▶ **EXERCISE**: A word-for-word copy of the data, with no images, is the required answer.

▶ **DATA**:
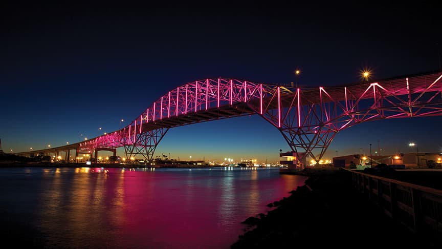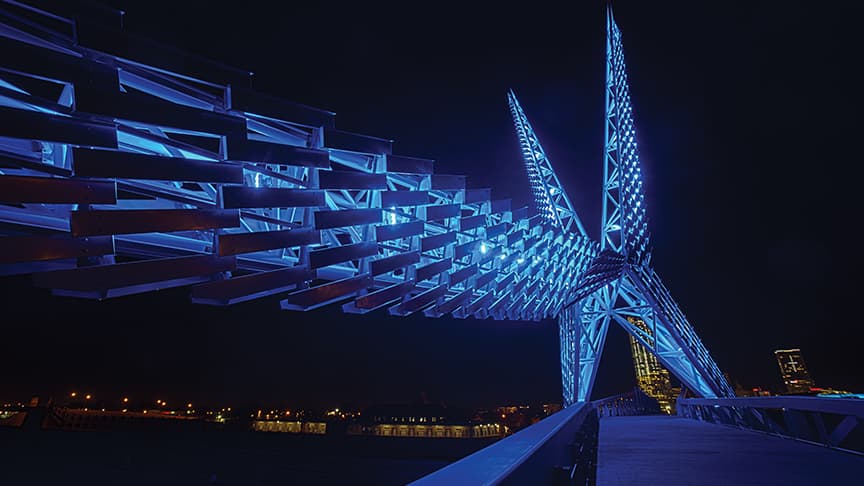我们通过突出结构、质感和设计特色的照明,帮助城市将桥梁改造成视觉地标。 借助先进 LED 技术与色彩控制系统,我们的解决方案可打造引人注目的夜景,改善城市环境,同时与城市建筑特色相得益彰。
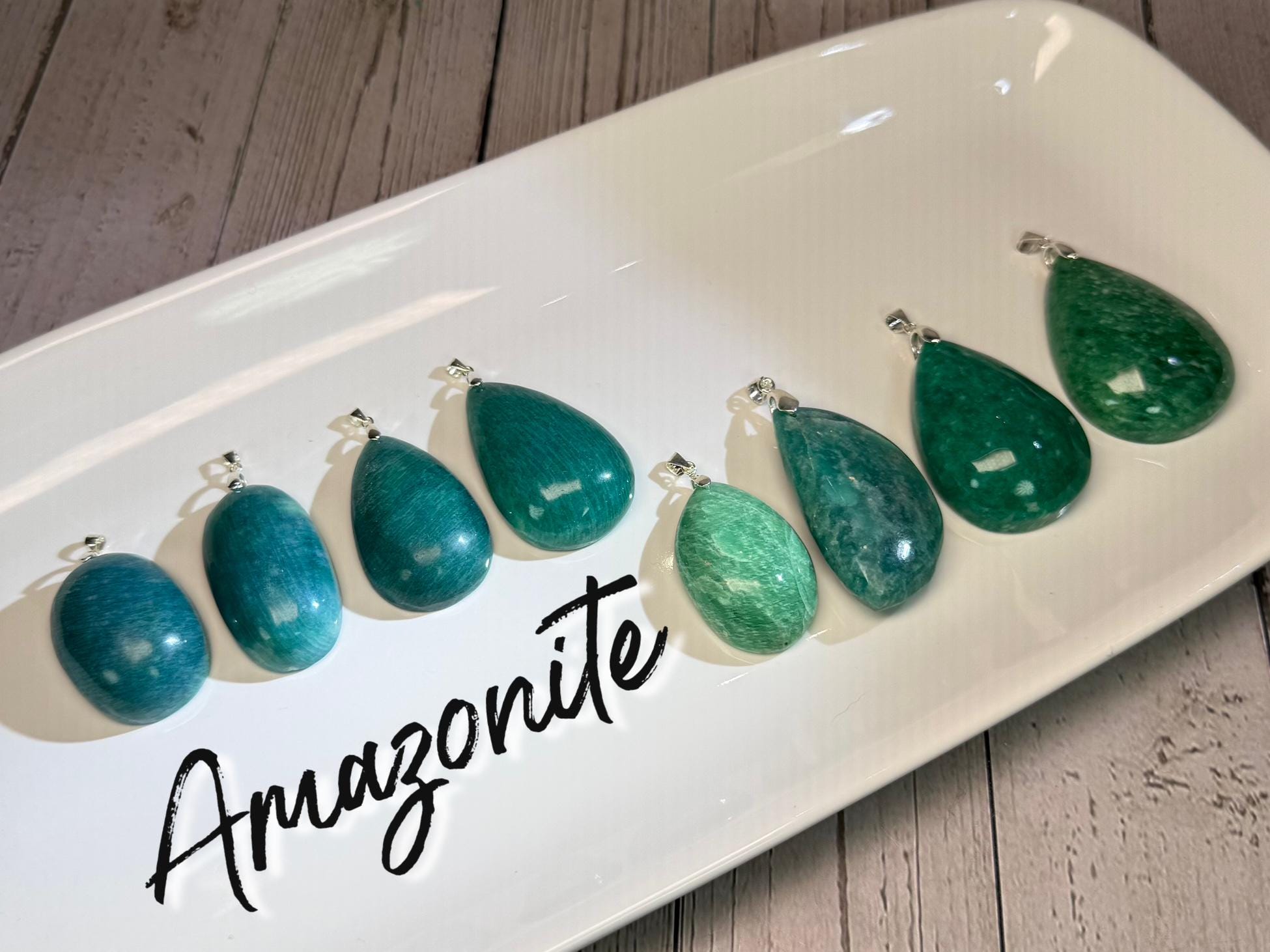 ✨Amazonite Pendant, Old Mine, Large Crystal Pendant, s925 Silver Clasp, Stone of Success
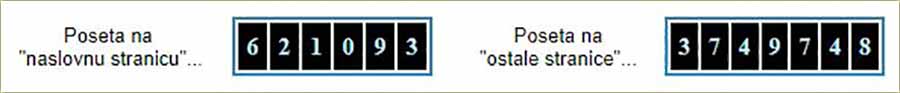 Od "ondak" je ovaj "sajit", im'o "priko" šesta" dvades't 'iljada poseta, što se tiče naslovne stranice..., "okolo" Tri "milijona, sedamsta" pedes't 'iljada poseta, ostalim stranicama...

▶ **WRITTEN REPLY**:
我们通过突出结构、质感和设计特色的照明,帮助城市将桥梁改造成视觉地标。 借助先进 LED 技术与色彩控制系统,我们的解决方案可打造引人注目的夜景,改善城市环境,同时与城市建筑特色相得益彰。
 ✨Amazonite Pendant, Old Mine, Large Crystal Pendant, s925 Silver Clasp, Stone of Success
 Od "ondak" je ovaj "sajit", im'o "priko" šesta" dvades't 'iljada poseta, što se tiče naslovne stranice..., "okolo" Tri "milijona, sedamsta" pedes't 'iljada poseta, ostalim stranicama...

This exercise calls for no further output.